Feb 1 2019
If anyone considers the traffic in city centers to be awful at present, they must wait until self-driving cars come into being, navigating around to avoid paying massive city parking fees.
Mean streets: Self-driving cars will "cruise" to avoid paying to park
With no need to park, self-driving cars will clog city streets and slow traffic to a crawl. However, a policy fix could address these problems before autonomous vehicles become commonplace, says Adam Millard-Ball. (Video credit: University of California, Santa Cruz)
Still worse, since cruising is less expensive at reduced speeds, self-driving cars will slow down to a crawl as they “kill time,” according to Adam Millard-Ball, transportation planner, who is an associate professor of environmental studies at the University of California, Santa Cruz.
Parking prices are what get people out of their cars and on to public transit, but autonomous vehicles have no need to park at all. They can get around paying for parking by cruising. They will have every incentive to create havoc.
Adam Millard-Ball, Associate Professor of Environmental Studies, University of California, Santa Cruz.
Millard-Ball has analyzed “The Autonomous Vehicle Parking Problem” in the latest issue of Transport Policy.
Millard-Ball stated that the scenario of robot-induced gridlock is imminent and also that autonomous (or self-driving) vehicles would possibly become commonplace in the next 5–20 years. Millard-Ball is the first scientist to investigate the conjunctive effect of self-driving cars and parking costs on city centers, where the availability and cost of parking is the only tool that effectively limits car travel.
In the best-case scenario, the existence of a mere 2000 self-driving cars in the city of San Francisco will make traffic slow to less than 2 miles per hour, stated Millard-Ball, who employs a traffic micro-simulation model and game theory to power up his predictions.
“It just takes a minority to gum things up,” he stated, recollecting the congestion caused by motorists who cruise the “arrivals” area at airports to avoid parking fee: “Drivers would go as slowly as possibly so they wouldn’t have to drive around again.” Although free cell-phone parking areas, in combination with strict rules in loading areas, eased out the airport snarls, cities will be baffled with offering remote parking areas for self-driving cars at lower rates compared to the cost of cruising—which has been predicted by Millard-Ball to be 50 cents per hour.
Even when you factor in electricity, depreciation, wear and tear, and maintenance, cruising costs about 50 cents an hour—that’s cheaper than parking even in a small town.
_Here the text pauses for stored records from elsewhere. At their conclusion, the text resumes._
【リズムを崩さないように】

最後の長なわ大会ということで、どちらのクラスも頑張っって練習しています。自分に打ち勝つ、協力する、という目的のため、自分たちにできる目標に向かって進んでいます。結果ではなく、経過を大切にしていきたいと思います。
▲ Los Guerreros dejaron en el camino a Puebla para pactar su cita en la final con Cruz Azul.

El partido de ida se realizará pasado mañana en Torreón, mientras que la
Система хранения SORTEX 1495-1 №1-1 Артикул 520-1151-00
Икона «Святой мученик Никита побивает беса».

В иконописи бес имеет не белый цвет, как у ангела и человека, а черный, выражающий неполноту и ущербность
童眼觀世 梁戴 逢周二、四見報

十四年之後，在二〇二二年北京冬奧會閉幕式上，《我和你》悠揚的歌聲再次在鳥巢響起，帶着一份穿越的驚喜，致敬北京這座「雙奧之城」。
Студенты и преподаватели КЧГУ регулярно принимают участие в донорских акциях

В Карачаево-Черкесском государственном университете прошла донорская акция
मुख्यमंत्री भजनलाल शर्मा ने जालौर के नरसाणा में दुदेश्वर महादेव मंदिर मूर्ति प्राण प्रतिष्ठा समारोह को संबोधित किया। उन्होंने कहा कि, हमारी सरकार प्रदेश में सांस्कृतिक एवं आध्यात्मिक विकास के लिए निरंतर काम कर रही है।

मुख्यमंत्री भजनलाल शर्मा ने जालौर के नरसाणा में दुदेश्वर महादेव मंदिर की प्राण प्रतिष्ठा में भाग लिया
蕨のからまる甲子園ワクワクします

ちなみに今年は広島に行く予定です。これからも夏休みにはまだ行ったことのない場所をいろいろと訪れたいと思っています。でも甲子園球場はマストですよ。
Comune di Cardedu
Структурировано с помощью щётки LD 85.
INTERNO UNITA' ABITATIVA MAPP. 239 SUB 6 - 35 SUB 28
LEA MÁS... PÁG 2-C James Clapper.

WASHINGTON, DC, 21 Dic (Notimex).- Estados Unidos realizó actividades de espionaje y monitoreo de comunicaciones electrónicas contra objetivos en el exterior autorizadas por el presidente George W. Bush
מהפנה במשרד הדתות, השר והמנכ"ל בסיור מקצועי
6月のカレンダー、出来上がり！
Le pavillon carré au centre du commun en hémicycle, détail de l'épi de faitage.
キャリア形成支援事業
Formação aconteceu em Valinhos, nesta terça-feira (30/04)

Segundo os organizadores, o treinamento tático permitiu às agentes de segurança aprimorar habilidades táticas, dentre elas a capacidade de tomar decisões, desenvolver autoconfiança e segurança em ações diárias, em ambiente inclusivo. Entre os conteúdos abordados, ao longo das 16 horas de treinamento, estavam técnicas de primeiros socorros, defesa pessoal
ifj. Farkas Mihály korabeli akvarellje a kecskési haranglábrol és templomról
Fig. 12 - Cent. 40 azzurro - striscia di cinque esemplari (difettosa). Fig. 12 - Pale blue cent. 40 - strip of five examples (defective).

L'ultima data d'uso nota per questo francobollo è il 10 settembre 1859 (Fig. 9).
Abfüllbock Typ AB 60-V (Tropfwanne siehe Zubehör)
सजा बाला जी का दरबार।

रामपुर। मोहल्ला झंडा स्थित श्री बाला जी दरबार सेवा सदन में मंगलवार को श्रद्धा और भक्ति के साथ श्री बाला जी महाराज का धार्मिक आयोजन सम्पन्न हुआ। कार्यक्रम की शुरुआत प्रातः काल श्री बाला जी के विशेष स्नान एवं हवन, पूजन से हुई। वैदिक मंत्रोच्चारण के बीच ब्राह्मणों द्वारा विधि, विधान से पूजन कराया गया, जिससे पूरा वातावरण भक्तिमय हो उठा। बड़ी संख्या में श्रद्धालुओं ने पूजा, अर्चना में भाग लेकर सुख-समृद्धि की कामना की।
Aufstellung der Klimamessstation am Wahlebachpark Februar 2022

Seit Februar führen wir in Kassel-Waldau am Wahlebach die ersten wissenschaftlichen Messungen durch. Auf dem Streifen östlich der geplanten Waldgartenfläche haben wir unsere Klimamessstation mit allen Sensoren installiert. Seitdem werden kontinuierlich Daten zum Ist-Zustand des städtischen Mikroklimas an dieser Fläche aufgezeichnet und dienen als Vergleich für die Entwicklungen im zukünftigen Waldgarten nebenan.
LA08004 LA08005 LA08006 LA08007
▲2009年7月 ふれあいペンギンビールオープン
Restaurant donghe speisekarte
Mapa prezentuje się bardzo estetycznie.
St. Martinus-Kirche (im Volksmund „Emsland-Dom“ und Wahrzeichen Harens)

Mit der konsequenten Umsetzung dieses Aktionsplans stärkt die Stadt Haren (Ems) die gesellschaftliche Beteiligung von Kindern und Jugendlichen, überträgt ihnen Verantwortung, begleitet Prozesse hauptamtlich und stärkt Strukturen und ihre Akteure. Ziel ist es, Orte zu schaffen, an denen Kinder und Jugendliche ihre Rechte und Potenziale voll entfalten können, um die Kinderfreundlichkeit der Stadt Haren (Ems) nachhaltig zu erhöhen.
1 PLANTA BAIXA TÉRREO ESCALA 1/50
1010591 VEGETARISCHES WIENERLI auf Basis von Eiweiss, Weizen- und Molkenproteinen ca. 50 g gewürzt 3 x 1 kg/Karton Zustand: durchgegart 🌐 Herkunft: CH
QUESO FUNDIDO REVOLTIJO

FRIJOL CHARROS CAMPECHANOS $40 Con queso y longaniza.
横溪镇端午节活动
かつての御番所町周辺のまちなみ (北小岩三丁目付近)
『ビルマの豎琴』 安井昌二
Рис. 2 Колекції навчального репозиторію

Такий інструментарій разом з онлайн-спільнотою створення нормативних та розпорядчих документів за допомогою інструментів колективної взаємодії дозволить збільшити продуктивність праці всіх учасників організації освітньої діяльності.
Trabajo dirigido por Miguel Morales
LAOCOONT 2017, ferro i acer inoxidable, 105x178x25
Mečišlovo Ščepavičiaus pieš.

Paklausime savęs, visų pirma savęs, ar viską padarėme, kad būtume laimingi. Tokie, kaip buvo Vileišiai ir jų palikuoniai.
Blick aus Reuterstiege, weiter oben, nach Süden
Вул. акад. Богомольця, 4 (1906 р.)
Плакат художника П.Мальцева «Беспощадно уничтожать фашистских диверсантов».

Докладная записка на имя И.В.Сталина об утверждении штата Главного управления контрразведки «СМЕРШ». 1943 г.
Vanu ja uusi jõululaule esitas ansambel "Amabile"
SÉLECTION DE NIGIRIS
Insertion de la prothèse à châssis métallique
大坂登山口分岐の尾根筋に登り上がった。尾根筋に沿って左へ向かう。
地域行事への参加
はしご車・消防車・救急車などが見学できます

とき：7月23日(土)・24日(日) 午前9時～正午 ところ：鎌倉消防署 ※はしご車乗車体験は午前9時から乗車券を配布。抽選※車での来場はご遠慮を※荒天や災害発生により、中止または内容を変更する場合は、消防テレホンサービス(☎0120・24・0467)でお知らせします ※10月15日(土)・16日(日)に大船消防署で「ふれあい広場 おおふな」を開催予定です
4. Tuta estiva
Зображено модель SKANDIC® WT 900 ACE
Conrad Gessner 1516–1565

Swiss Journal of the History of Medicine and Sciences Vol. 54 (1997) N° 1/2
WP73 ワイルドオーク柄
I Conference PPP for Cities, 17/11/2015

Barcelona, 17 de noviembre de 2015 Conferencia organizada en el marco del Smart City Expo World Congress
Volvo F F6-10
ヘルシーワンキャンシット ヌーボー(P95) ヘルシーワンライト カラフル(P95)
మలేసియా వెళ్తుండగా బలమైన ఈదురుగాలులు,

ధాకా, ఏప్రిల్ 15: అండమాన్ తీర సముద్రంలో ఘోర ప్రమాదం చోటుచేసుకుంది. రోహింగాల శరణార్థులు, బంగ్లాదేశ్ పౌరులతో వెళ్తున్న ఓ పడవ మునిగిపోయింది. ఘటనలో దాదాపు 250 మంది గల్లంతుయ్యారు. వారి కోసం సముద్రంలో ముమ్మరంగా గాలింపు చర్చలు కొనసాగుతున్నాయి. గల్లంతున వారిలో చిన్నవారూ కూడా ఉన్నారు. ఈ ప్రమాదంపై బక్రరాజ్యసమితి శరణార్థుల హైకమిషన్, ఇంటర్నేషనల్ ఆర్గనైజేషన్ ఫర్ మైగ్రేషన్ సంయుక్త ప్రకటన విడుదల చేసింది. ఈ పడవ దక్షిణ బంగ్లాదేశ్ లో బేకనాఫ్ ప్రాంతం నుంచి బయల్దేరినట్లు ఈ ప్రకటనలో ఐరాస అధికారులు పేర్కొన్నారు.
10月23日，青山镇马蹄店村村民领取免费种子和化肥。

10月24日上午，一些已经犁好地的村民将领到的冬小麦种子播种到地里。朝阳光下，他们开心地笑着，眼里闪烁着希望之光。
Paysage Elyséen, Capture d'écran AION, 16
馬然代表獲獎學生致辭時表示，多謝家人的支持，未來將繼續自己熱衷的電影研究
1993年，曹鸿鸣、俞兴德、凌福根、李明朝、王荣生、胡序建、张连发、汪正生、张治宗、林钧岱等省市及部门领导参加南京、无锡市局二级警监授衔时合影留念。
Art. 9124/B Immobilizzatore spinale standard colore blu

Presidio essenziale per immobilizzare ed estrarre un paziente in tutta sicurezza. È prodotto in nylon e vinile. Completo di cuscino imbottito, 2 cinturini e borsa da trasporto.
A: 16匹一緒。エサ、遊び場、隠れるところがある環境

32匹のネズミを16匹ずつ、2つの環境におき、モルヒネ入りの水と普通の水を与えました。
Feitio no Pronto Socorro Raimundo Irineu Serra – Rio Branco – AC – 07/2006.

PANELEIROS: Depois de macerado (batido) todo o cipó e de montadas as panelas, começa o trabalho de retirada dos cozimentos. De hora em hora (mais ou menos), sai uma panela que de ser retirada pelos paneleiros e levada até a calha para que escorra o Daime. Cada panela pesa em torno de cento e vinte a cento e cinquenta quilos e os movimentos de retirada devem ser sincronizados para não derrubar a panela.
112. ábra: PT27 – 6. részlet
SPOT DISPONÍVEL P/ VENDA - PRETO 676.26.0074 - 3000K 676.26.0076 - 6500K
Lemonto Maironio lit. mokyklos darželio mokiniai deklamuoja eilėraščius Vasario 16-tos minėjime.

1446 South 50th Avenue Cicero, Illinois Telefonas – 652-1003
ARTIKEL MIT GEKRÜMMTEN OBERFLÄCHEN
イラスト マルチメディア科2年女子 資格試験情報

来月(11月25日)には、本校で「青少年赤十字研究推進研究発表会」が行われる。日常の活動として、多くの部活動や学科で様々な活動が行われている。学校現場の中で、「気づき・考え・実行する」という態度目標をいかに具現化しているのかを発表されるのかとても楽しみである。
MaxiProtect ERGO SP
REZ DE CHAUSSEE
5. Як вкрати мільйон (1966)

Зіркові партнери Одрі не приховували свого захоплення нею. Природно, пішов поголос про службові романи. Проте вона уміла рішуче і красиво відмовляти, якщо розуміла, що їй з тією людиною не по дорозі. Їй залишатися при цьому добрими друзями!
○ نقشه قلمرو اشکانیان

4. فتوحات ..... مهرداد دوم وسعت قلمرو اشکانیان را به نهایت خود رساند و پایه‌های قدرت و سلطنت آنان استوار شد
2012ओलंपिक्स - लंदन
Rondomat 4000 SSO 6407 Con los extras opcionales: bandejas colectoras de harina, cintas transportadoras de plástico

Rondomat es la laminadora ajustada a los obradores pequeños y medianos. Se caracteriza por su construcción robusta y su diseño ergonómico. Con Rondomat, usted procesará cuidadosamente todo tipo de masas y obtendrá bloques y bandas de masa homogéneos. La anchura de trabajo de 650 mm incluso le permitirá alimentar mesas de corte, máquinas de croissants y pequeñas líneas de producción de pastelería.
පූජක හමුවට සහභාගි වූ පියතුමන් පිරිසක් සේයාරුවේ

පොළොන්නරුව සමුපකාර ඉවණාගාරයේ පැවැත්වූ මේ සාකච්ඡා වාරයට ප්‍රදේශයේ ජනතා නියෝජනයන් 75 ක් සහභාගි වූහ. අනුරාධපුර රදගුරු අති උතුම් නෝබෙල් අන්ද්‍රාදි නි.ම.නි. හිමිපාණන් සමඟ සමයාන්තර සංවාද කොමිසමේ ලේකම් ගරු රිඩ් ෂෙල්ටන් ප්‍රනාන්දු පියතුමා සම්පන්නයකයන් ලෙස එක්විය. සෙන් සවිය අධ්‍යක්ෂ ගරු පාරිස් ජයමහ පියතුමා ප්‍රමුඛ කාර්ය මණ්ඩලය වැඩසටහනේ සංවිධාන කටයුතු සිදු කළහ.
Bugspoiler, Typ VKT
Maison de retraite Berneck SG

Unless it’s free or cheaper than cruising, why would anyone use a remote lot?
Adam Millard-Ball, Associate Professor of Environmental Studies, University of California, Santa Cruz.
Moreover, regulation falls short since, as stated by Millard-Ball, “It’s difficult to regulate intent. You can pass a law saying it’s illegal to drive more than 10 minutes without a passenger, but what if the car is picking up a parcel?”
The solution would be to impose congestion pricing that, despite taking varying forms, would typically amount to a user fee. In the city of London, a flat fee of £11.50, or about $15, is paid by motorists to enter the city center. Stockholm and Singapore employ analogous models. In more advanced models, charges could be based on miles driven, or different fees could be assigned to specific streets.
Environmentalists as well as economists concur that congestion as well as pollution can be effectively brought down by imposing congestion pricing; however, it is a politically fraught approach since it elevates the rage of commuters. This is exactly where Millard-Ball views an opportunity.
As a policy, congestion pricing is difficult to implement. The public never wants to pay for something they’ve historically gotten for free. But no one owns an autonomous vehicle now, so there’s no constituency organized to oppose charging for the use of public streets. This is the time to establish the principle and use it to avoid the nightmarish scenario of total gridlock.
Adam Millard-Ball, Associate Professor of Environmental Studies, University of California, Santa Cruz.
Furthermore, he stated that it is possible to equip self-driving cars with devices that would offer policymakers options for imposing fees based on speed, location, time of day—or even based on the lane occupied by the vehicle.
“The fees could raise money for cities to improve transportation,” he stated. “The idea is to do it now before autonomous vehicles become widespread.”